Huxley wrote about his experiences on mescalin, and I've never taken mescalin, so I'm not writing about that, just about how his experiences on mescalin reminded me of my own experiences in everyday life. Until very recently I thought everyone experienced life this way, I was just unusually stupid and weak-minded. I always feel like my general state of awareness, abilities, perceptions, and so on change on a kind of sliding scale. Sometimes I feel (and act) much more "normal" than at other times. Sometimes speaking is much easier or writing is much easier, I feel more "aware" of my surroundings or I simply understand my surroundings better, how heightened my perceptions are changes, etc. From a more spiritual perspective, which Huxley talks a lot about, I can go from feelings of extreme ecstasy or peace, feelings of union with everything and everyone and everything feels enchanted, to more spaced out and dulled feelings like everything is far away and I'm lost. Sometimes I feel completely outside of my body whereas at other times I feel caught in my body, but in peculiar ways, where I feel or I am aware of one part more than another and things fit oddly. I can act very strangely or very normal, be very much "in" the world of my surroundings, or very disjointed from it. In my case I think this is due to a combination of factors (autism, possible seizures, certain life circumstances, an intensely sensitive personality, etc.)
Huxley referred to a lot of these kinds of experiences as "visionary" and said that some people have these experiences very often and other people have these experiences very infrequently, which I'm sure is true. He used art for examples which I really liked and identified with, since art is so important to me. Apparently, while on mescalin, time didn't seem to matter to him anymore, or even really have much reality, and he was less aware of space. He would see objects more as brilliant compositions, and spatial relationships took on a flatter but very geometric and enchantingly beautiful appearance that deeply affected him emotionally. I tend to experience life a lot like this. I have a poor sense of time and time doesn't affect me much psychologically (I feel like everything is occurring simultaneously, and there isn't so much a differentiation of a past, often I actually feel like I'm jumping from one point in time to another, backward and forward -- sometimes notes in a song will bring this feeling out).
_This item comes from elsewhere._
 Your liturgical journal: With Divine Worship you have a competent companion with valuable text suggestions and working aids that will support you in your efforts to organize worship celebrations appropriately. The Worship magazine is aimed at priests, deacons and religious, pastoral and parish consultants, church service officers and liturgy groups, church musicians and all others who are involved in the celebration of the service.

Space relationships confuse me (kind of like the weird space in Alice in Wonderland is how I often think of it), even though I can mentally manipulate objects in my head pretty well (I'm sure painting and drawing all the time helps with this). I get confused about where my body is in space and where objects are in space, how far apart things are/how big things are, etc. Everything I see I tend to see as a composition of art, with different brilliant colors (color was enhanced for Huxley during his mescalin experiences). Orange is painful to me, but I do enjoy vivid, bright colors a lot and find color greatly affects my mood; I love to incorporate bright colors into my paintings because of the joy I associate with them.
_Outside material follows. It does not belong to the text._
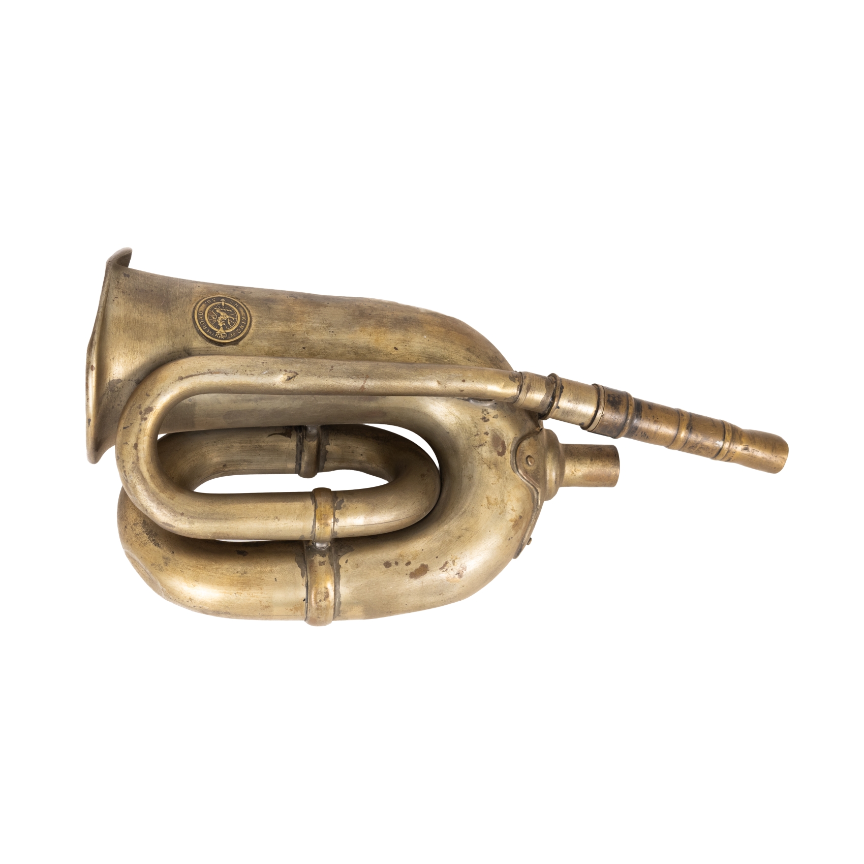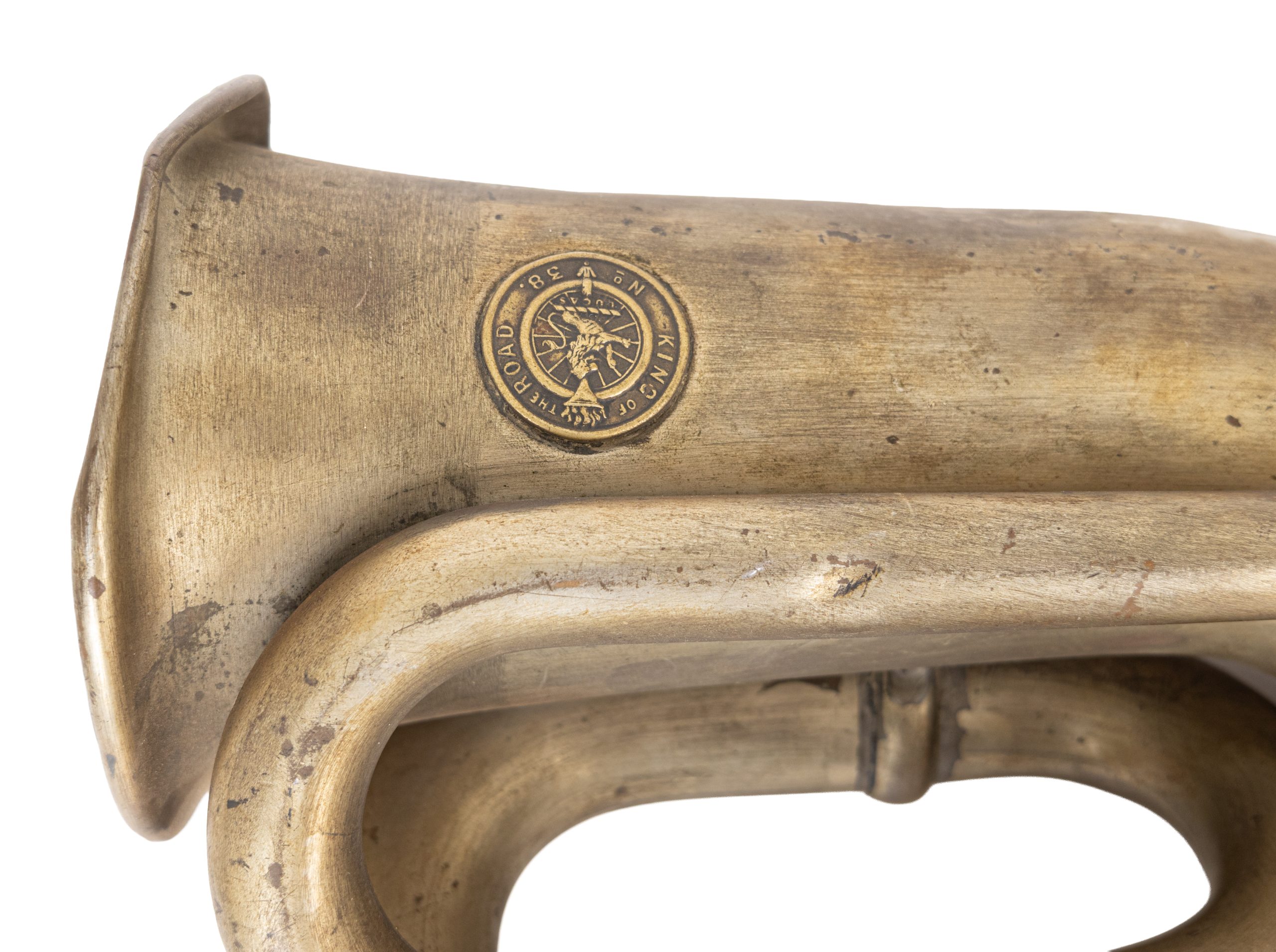 Antigua bocina inglesa en latón con sello de la manufactura King of the Road, Birmingham, Inglaterra, ppios. del s.XX.

And regardless of one's religious or spiritual beliefs, it sounds common for people who get intense sensory perceptions to find it relatively easy to find enhanced beauty in the world in very simple, everyday things (as Huxley found) and to feel a sense of union with the rest of the world, where arbitrary categories and separations fall to the wayside.
Huxley's changes in perception seemed fairly limited in some ways (such as his vision seemed enhanced and sense of time and space changed, and speech suddenly seemed much more like dead symbols unable to reveal true reality, but some things -- such as sound -- remained fairly unchanged for him). However, there were certain kinds of music (like chants) that did affect him more strongly. I have synesthesia that includes sound (seeing colors and movement, etc. with sound) and I also tend to have very sensitive hearing (though I also tend to hyperfocus so sometimes my hearing gets blocked out in favor of a different focus).
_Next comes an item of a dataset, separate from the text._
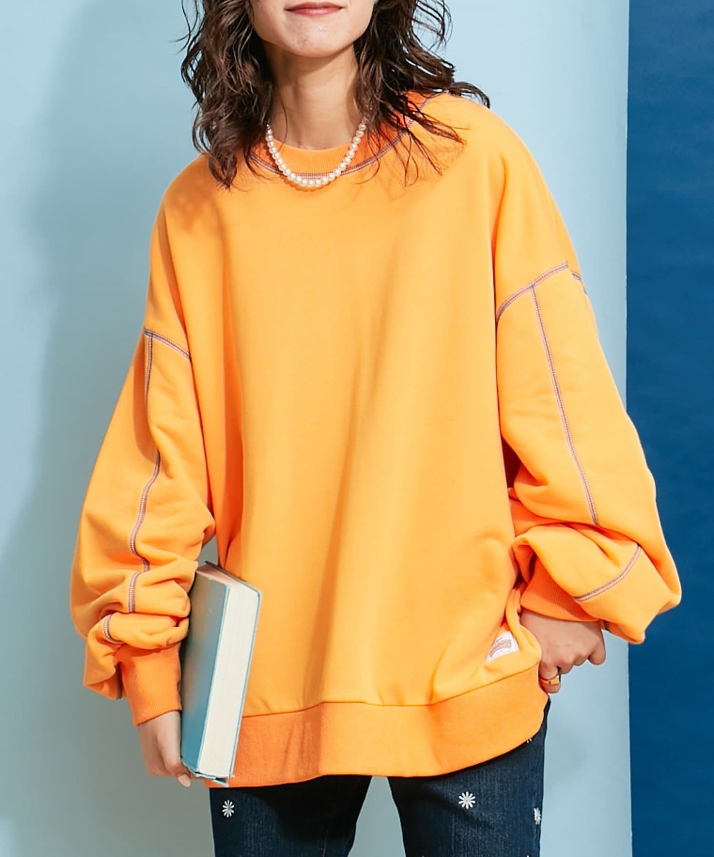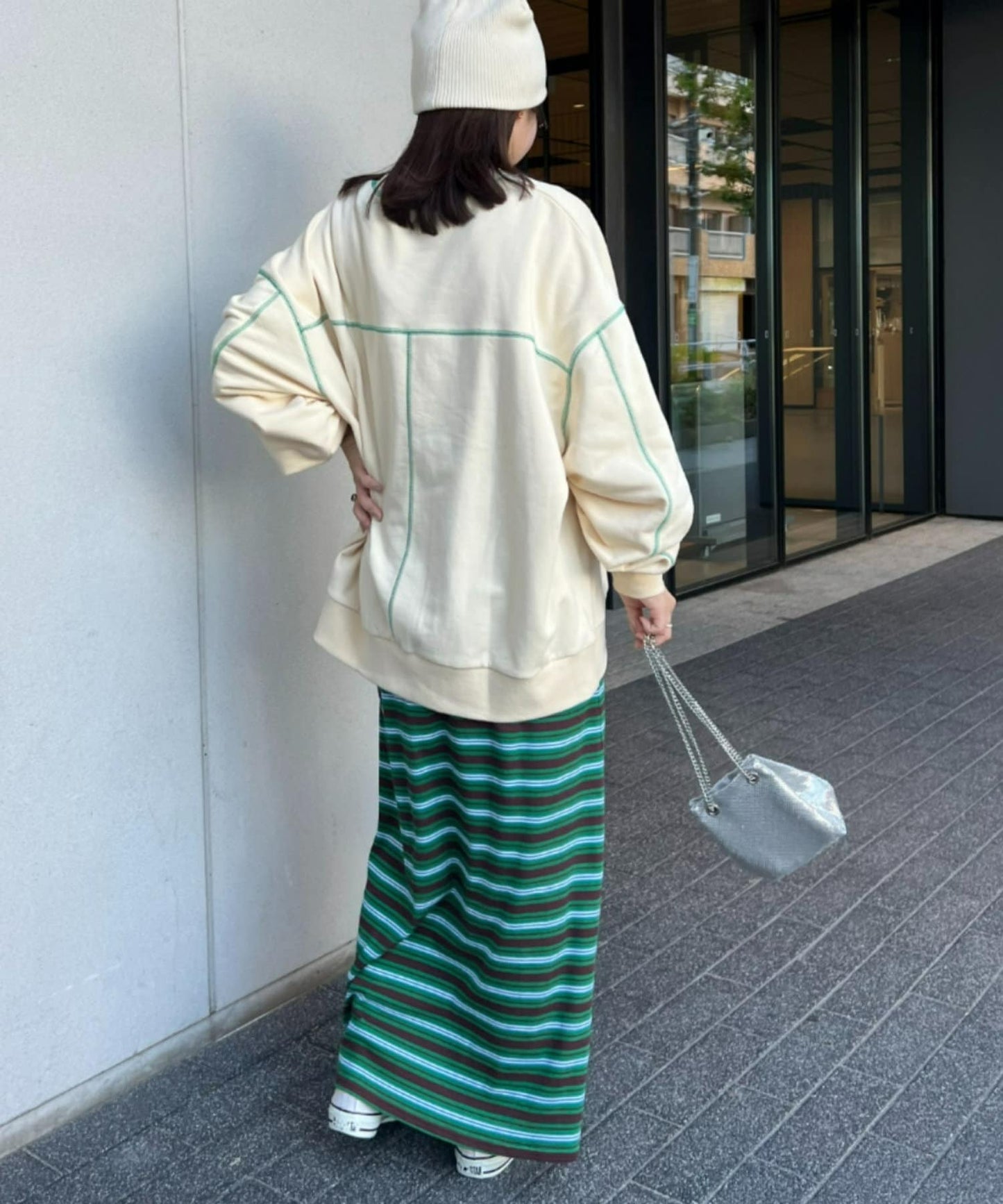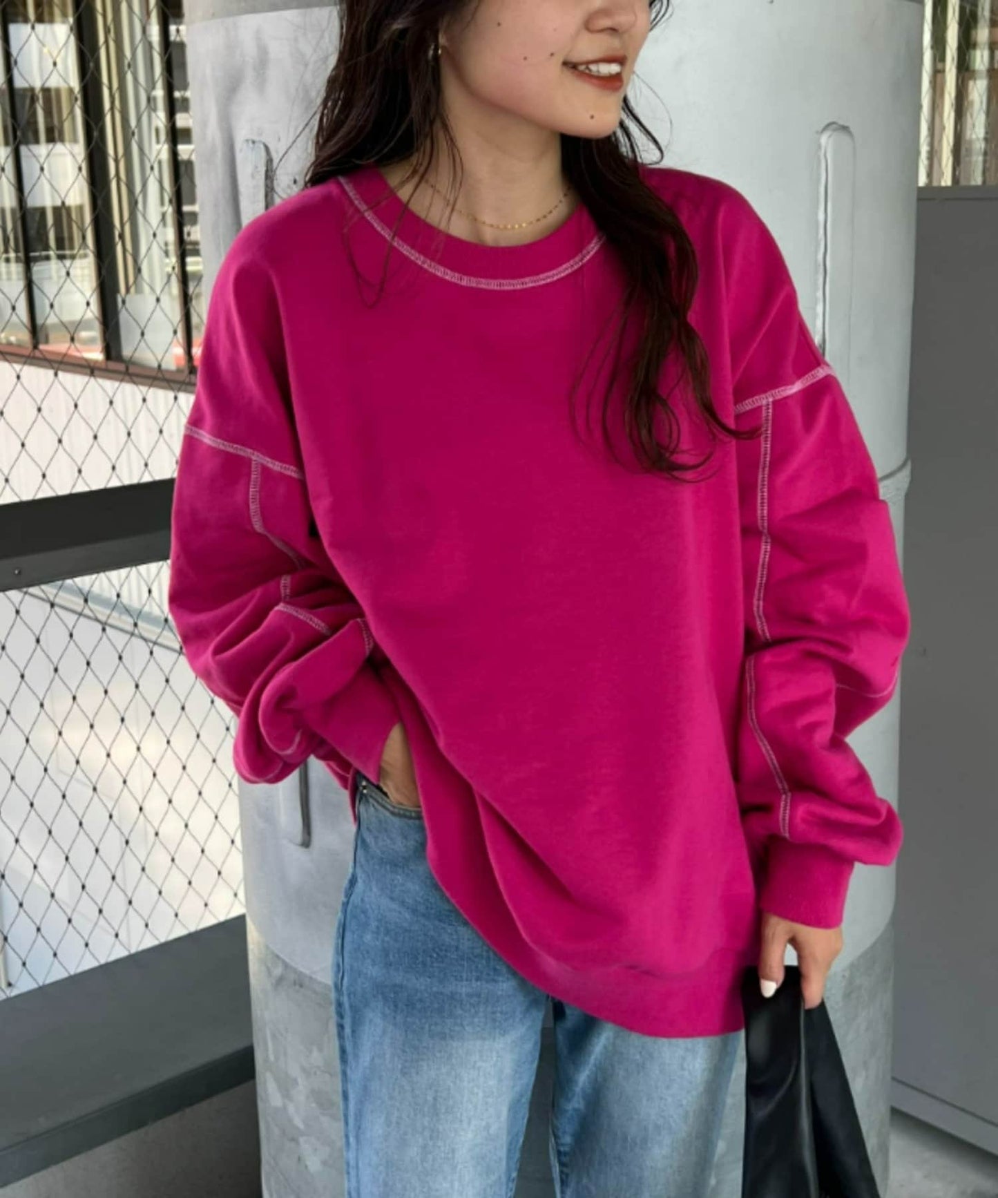 一件時髦的超大套頭衫,有一個醒目的顏色協調的縫製設計。

Although I often have feelings of transcendent union with the world or joy at simple things that I come across, where I get entranced, I also experience horror and terror at things others might consider simple. Where something little can seem ugly and hideous and terrifying just as easily as something small can be wonderous. My senses seem to all run together, my emotions seem to all run together, where things either become very jumbled and communication isn't likely to happen, or things just seem so pure and perfectly aligned, a perfectly solved pattern which is very strong (for good or bad). It's hard for me to explain how and why I can switch from seeming one way to a very different way. It's not that I always look more strange or uncommunicative when I'm overloaded, and sometimes I can stifle myself under very overloading circumstances. The waves of strange confusion and floating can come at any time, as can the feelings of ecstatic union. It's easiest to just describe it as a feeling like I'm constantly sliding between very different states of being with very different perceptions and orientations to the world. All of it is me, and all of the basics are always present, just some parts fade into the background for awhile while others take precedence.